Page history last edited by Math in a Box - Susan Johnsey gm 4 years, 9 months ago

Lesson 2    Rays, Segments, and Length               Susan O. Johnsey

                                                                                                                       www.mathinabox.com

                                                                                                                       www.mygeometryreview.pbworks.com

 

DID YOU LOOK FOR MY EMAILS for your LESSON 1 NOTES?   Please do that now if you have not.

 

  I will continue to give you new words to understand. 

     In your STUDENT folder did you find your Geometry Collection?

          You really need to use it.  That collection will make this class much easier.

 

SEGMENTS are part of a line.
Each segment has 2 ENDPOINTS; we usually label them with a capital letter.

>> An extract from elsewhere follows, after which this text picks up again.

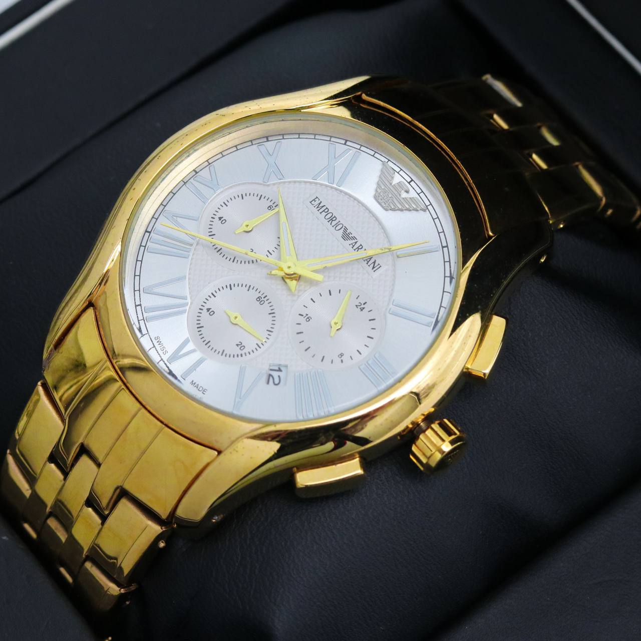 ساعة أرمني بإطار ذهبي لامع وثلاث عقارب دقيقة تمنحك دقة عالية وأناقة لا مثيل لها في كل مناسبة ✨
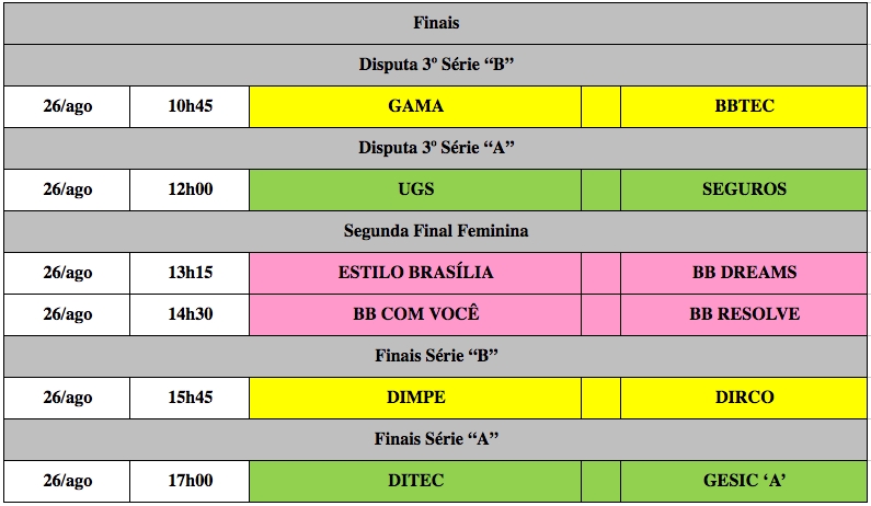 Após três meses de competições, a XIII edição do Campeonato de Futebol Soçaite 2017 do Banco do Brasil, mais conhecido como Interagências, chega à final neste sábado (26). Os jogos começam às 10h45, na AABB. Para comemorar o sucesso desta temporada, será realizada a tradicional festa de premiação, também no sábado, às 19h30, no Bangalô da AABB.

           A_____________________________B   This is segment AB or segment BA.

           Some times they are called line segments, but most teachers and books shorten it to segments.

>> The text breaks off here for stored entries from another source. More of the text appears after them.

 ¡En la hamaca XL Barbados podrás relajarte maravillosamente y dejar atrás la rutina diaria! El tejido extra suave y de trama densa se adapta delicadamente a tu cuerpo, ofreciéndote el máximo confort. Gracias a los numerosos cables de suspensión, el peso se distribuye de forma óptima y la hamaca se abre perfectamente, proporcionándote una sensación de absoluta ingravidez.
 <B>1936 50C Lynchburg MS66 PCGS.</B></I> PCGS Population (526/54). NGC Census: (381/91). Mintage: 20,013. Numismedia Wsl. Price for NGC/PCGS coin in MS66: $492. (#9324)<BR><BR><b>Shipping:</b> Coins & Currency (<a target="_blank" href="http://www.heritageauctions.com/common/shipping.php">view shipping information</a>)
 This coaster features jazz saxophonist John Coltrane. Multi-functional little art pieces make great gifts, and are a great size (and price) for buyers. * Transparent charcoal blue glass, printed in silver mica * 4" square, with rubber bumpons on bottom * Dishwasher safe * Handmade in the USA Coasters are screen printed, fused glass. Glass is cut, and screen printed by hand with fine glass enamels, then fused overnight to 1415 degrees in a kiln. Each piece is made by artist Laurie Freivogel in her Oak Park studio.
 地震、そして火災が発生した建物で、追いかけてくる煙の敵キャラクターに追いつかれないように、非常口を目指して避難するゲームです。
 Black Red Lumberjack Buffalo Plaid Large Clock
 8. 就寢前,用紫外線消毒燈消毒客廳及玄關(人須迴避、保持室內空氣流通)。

     The segments do not go on forever as the lines doWe can measure the length of a segment.

   

      Some books write a short line (segment) above the AB.

 

ALL YOU NEED TO KNOW ABOUT RAYS:

 

Look at the LINE in the GREEN box below first.   All my comments are about the rays in that box. 

 

Then be sure you understand the info in the yellow and blue boxes.

A yellow box is below this sentence if you do not see it let me know. Important to see diagrams in online classes.

 

Do you see also that ray CB and ray CA are the same ray?

 

       They start at the same point C and then go in the same direction!

 

When you write the name of a ray be sure that your first letter is the point where the ray begins.  

Ray CB begins at point C.  

Ray BC begins at point  B.  These are not opposite rays nor same rays.  

 

Do you see also that ray CD and ray CA are opposite rays?  

 

They start at same point C and then go in opposite directions!

 

 

I hope you are taking some good notes. 

There are some quizzes and games at the end of this lesson.

 

Diagram  <--W----------X-------------Y-----Z----->   Please pretend this is a line with 4 labeled points!

Answers can be seen by highlighting the brown area. 

 

1.  Give 3 names for this line.      

     WX  or WY  or WZ or XY or XZ or YZ  then draw a tiny line (with its arrows) above the 2 letters.

 

2.  Name 3 segments in the line.     WX  or WY  or WZ or XY or XZ or YZ  then draw a tiny line segment above the 2 letters. 

 

3.  Name two rays that are opposite rays.  XW and XY then draw a tiny ray above the two letters.

                                                                     YW and YZ then draw a tiny ray above the two letters.                                  

 

4.  Name two rays that are the same ray.    YW and YX then draw a tiny ray above the two letters.  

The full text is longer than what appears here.